Individual Autonomy and Responsibility in Late Imperial China

by Paolo Santangelo

Description

This book is in the Cambria Sinophone World Series headed by Victor H. Mair (University of Pennsylvania).

Does the concept of “individual” occur only in Western culture, or is there Chinese “individualism” as well? In touching upon this topical question and the related politically sensitive issues, this book calls into question the impression of a Chinese culture centred on harmony and conformism, opposed to an individualistic Europe, based on the concept of personal human dignity, that allows the liberty of choice to human beings.
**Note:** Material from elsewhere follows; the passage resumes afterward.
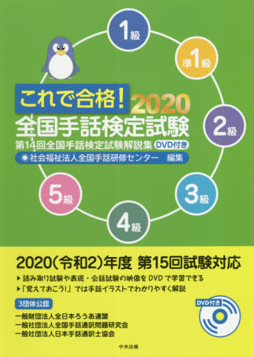 | 2020(令和2)年度第15回試験対応。読み取り試験や表現・会話試験の映像をDVDで学習できる。「覚えておこう!」では手話イラストでわかりやすく解説。 |

It was not only ancient Confucians who showed their consciousness of dignity; in the writings of the late imperial period, a certain leeway can be seen that assures to the individual a sort of independence from circumstances and the authority control. The human being is an autonomous agent who belongs to a wider “reality”, and constantly oscillates between the quietness of spirit and ephemeral feelings; affective components, emotions and beliefs are seen as the main expression of an individual self. Self is therefore perceived not simply as the embodiment of everlasting or temporary values and beliefs but in human endeavour toward self-assertion.

This book deals with the tension toward personal autonomy and individual values, and the role of ethics in the process of self-construction. The sense of responsibility in Confucianism is identified with the “moral self”, and understood as a basic category of representation of one’s self and others. Notwithstanding the severity of official control, elements of pluralism and individual autonomy emerged in the intellectual debate, hence pushing toward the formulation of new approaches within and beyond orthodoxy.

This book will be a most important resource for scholars and students studying Chinese history, culture, philosophy, and literature.